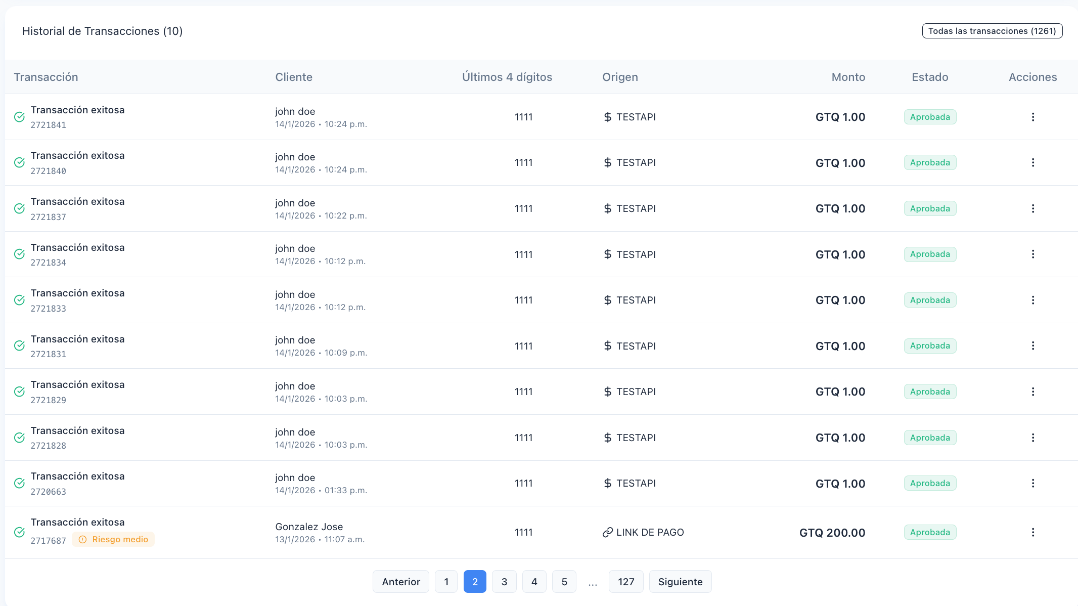 - Acciones: acceso a los detalles completos de cada transacción
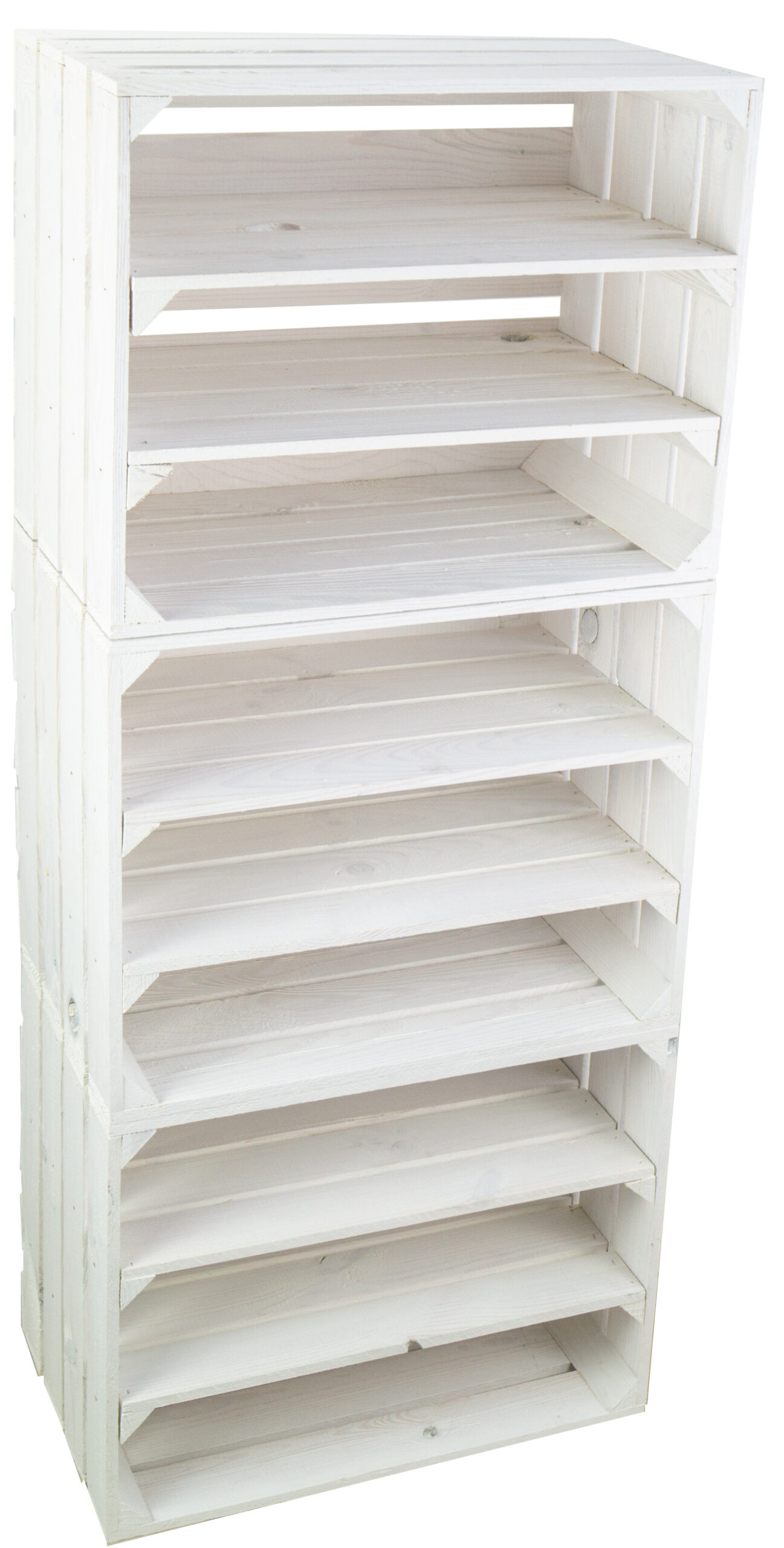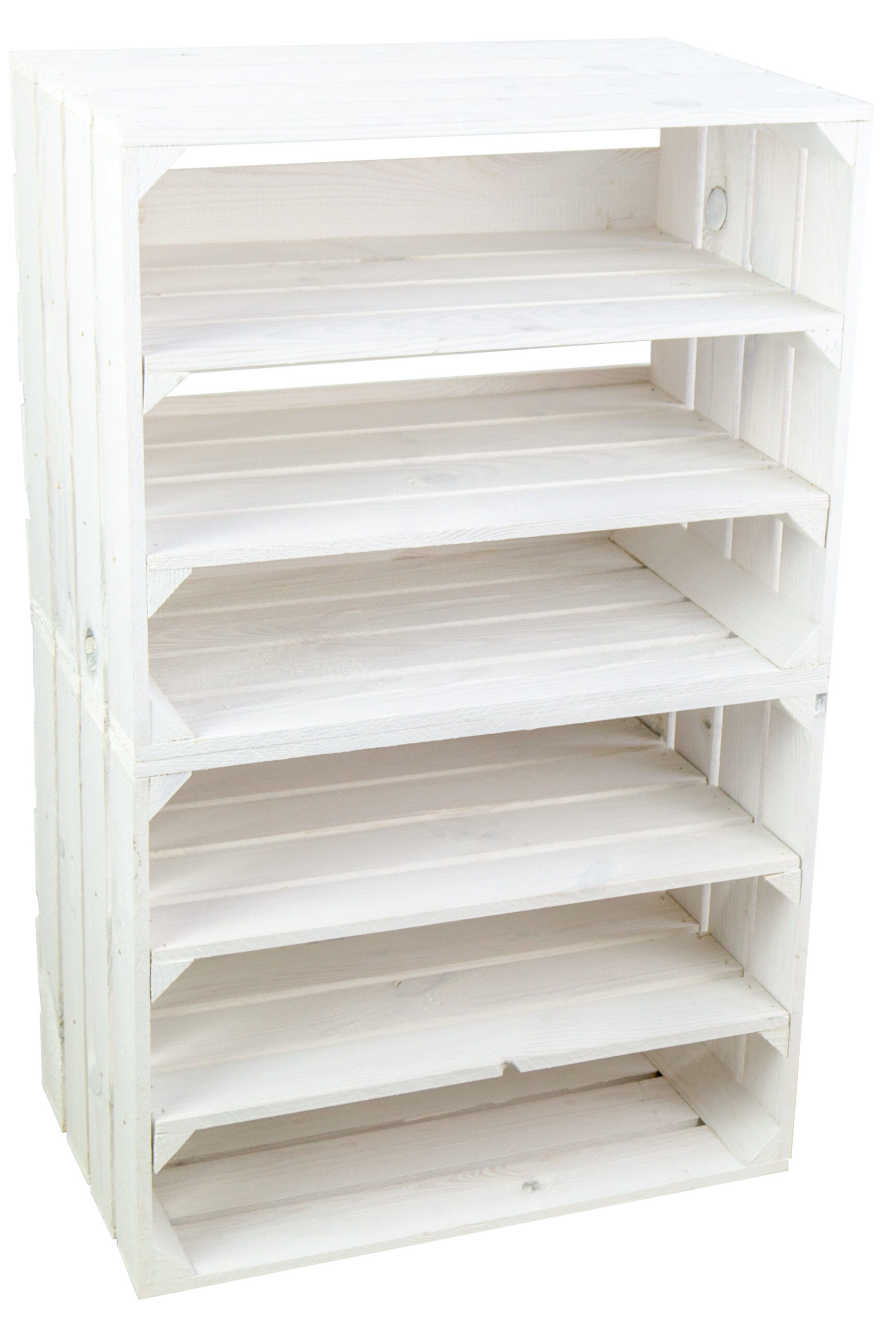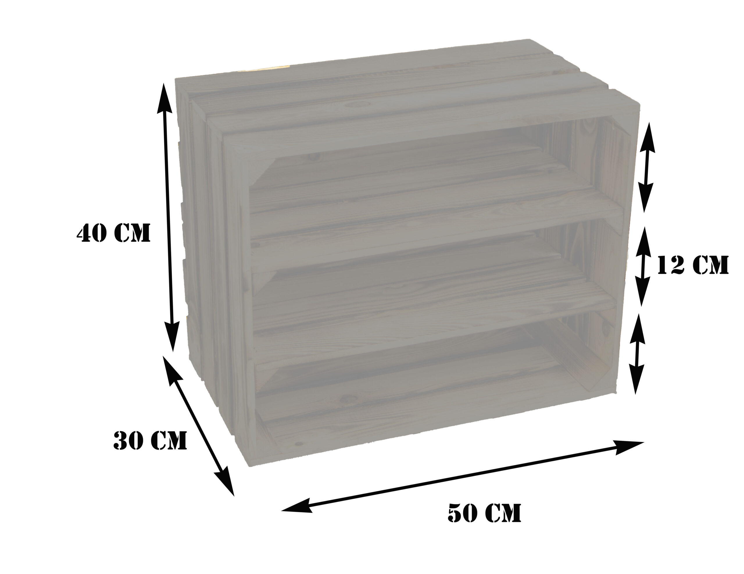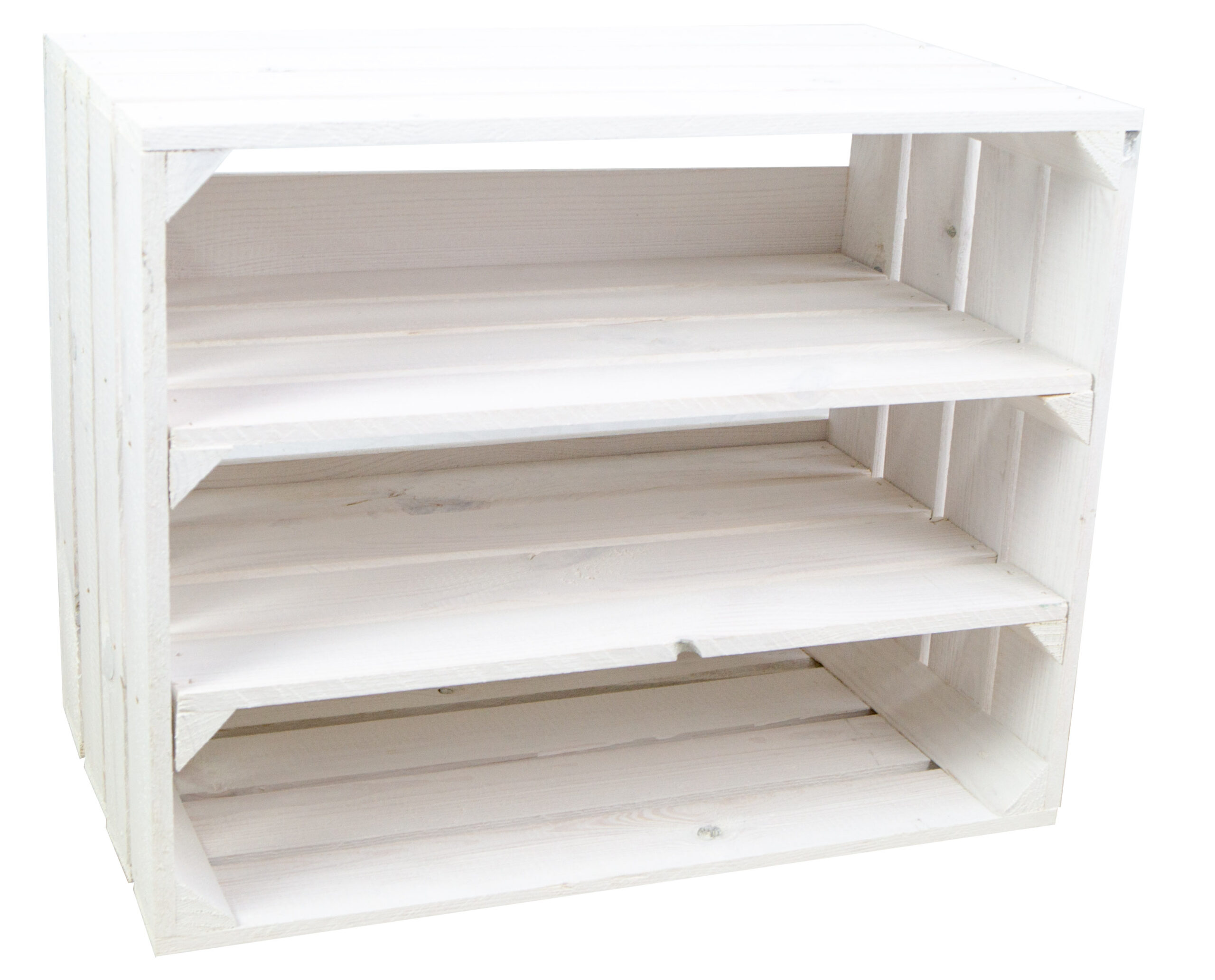 Tolle Regalkisten für Ihr zu Hause, diese neue Design hat nun bereits zwei montierte Mittelbretter in der Kiste, somit noch mehr Stauraum pro Kiste für Ihre Schuhe. Durch die etwas geringere Höhe pro Fach (ca. 12cm) passen Vorzugsweise nur flache Sneaker oder Halbschuhe in die Fächer. Passende Kisten mit einer Quereinlage oder nur einem Mittelbrett für höhere Schuhe finden Sie auch bei uns, so können Sie diese Kisten wunderbar mit unseren anderen Ausführungen kombinieren. Auch als Weinregal oder Weinschrank wunderbar zu benutzen, die Kisten sind stabil genug um diese komplett mit Weinflaschen zu füllen. Wenn man alle drei Kisten übereinander stellt sollte man diese jedoch an der Wand (mit schrauben) sichern um ein mögliches umkippen zu vermeiden.
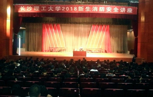 长沙市普消培训机构的教官从怎样安全用火用电、遇到火灾怎样报警逃生和怎样使用灭火器防毒面具等方面为新生详细讲解,讲座中场面生动,互动热烈,安全意识得到提高。
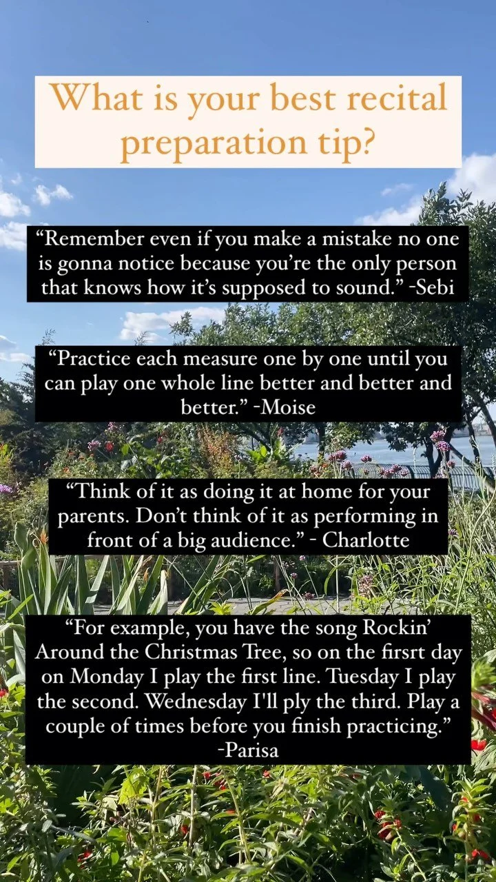 In addition to weekly lessons, students enjoy free, optional biannual recitals in beautiful concert halls and special experiences like Recording Studio Day, where they step into a professional NYC studio to record their own musicโa fun, confidence-building milestone in their musical journey.
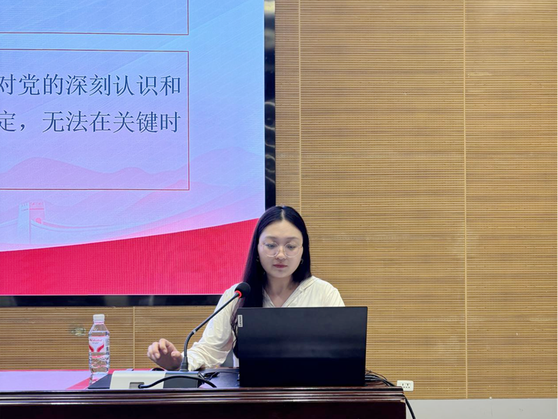 随后在“明确入党条件,遵循基本程序”环节,张锦佳解读了入党申请资格、流程环节与规范要求。从年满18周岁、承认党的纲领等基本条件,到递交入党申请书、团组织推优、积极分子培养、发展对象确定、预备党员接收及转正等五个阶段25个环节,作了清晰说明。她还提醒员工撰写入党申请书需使用学校信纸和黑色签字笔,内容须真实深刻;积极分子考察期和预备期各为1年,需严格遵守时间节点与考核标准。
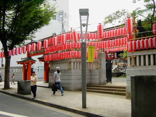 伝通院を後にして後楽園から地下鉄で乗って飯田橋駅で下車。神楽坂へ。神楽坂下から神楽坂商店街の坂道を上がって行く。7月末開催された神楽坂祭りの名残りか神楽坂通りにはちょうちん飾りがそのまま残っていて今夜にも祭りがある風情だった。 |
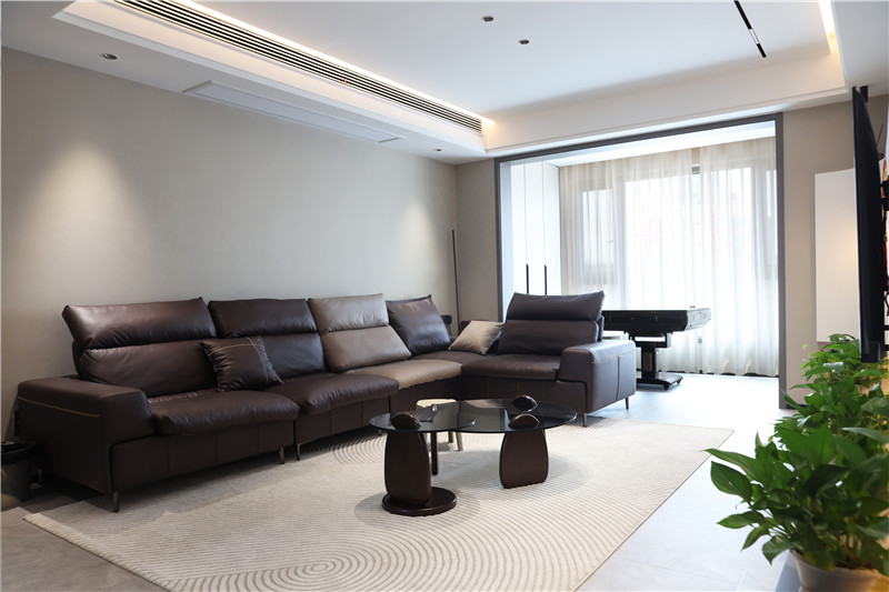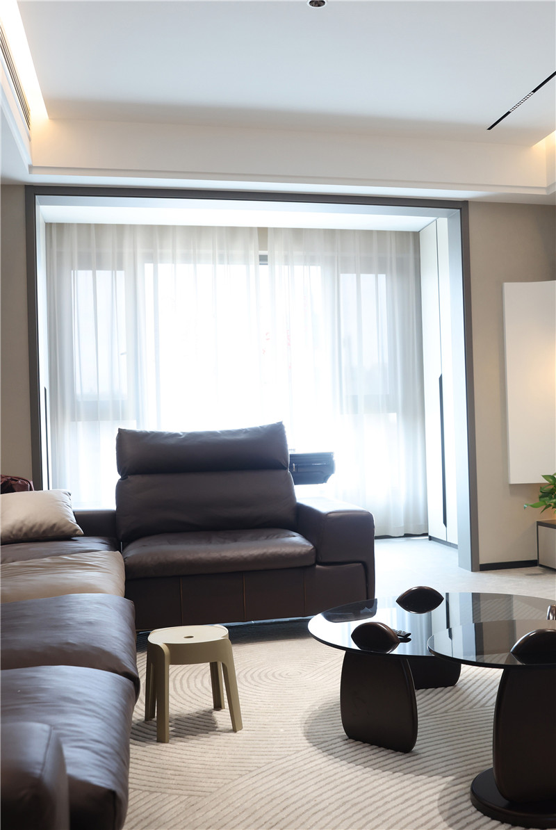 來到客廳,迎面而來是中性色調(diào)散發(fā)出的高級(jí)氛圍,黑色亮面沙發(fā)、白色曲線地毯、黑色小茶幾……整體表達(dá)出屋主時(shí)尚、個(gè)性的家居品味。
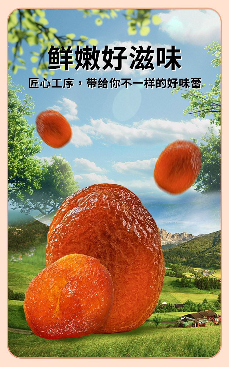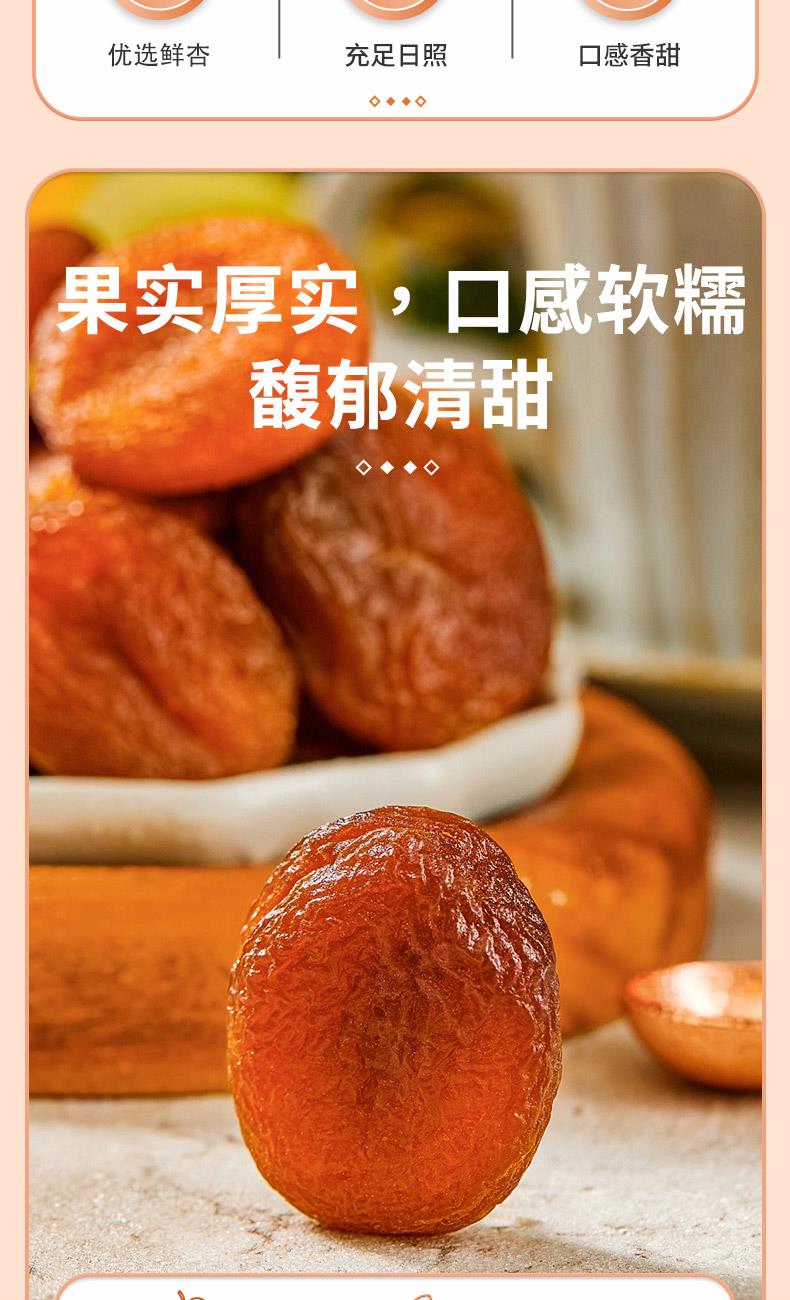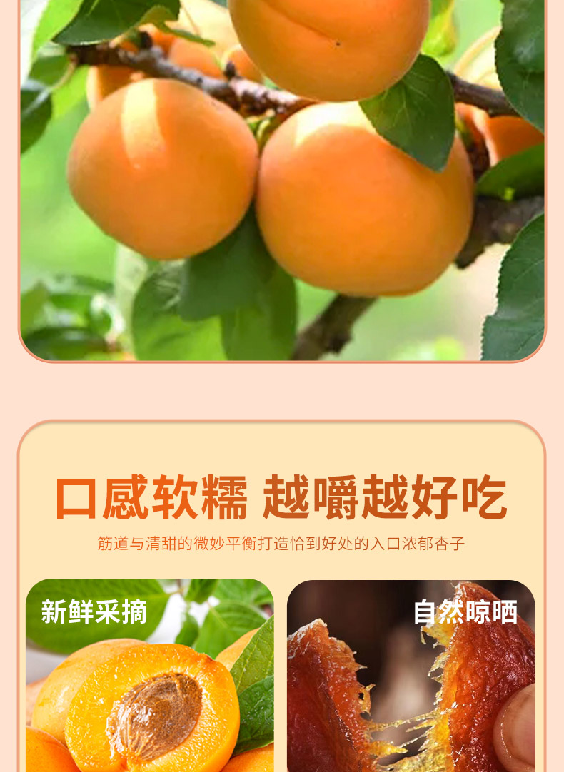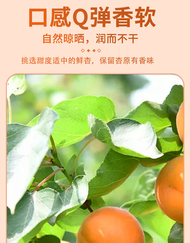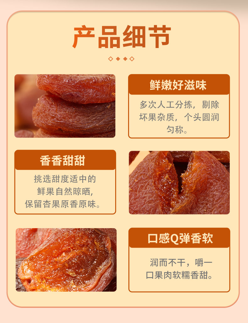 1:精选鲜杏,自然晾晒; 2:果肉厚实,口感软糯; 3:浓郁杏香,馥郁清甜。
---+---
_EXERCISE DESCRIPTION_.
Copy nothing but the lines from the line that contains "來到客廳,迎面而來是中性色調" through the end of the listing, exactly, and keep pictures out of it.

_RESPONSE AREA_.
 來到客廳,迎面而來是中性色調(diào)散發(fā)出的高級(jí)氛圍,黑色亮面沙發(fā)、白色曲線地毯、黑色小茶幾……整體表達(dá)出屋主時(shí)尚、個(gè)性的家居品味。
 1:精选鲜杏,自然晾晒; 2:果肉厚实,口感软糯; 3:浓郁杏香,馥郁清甜。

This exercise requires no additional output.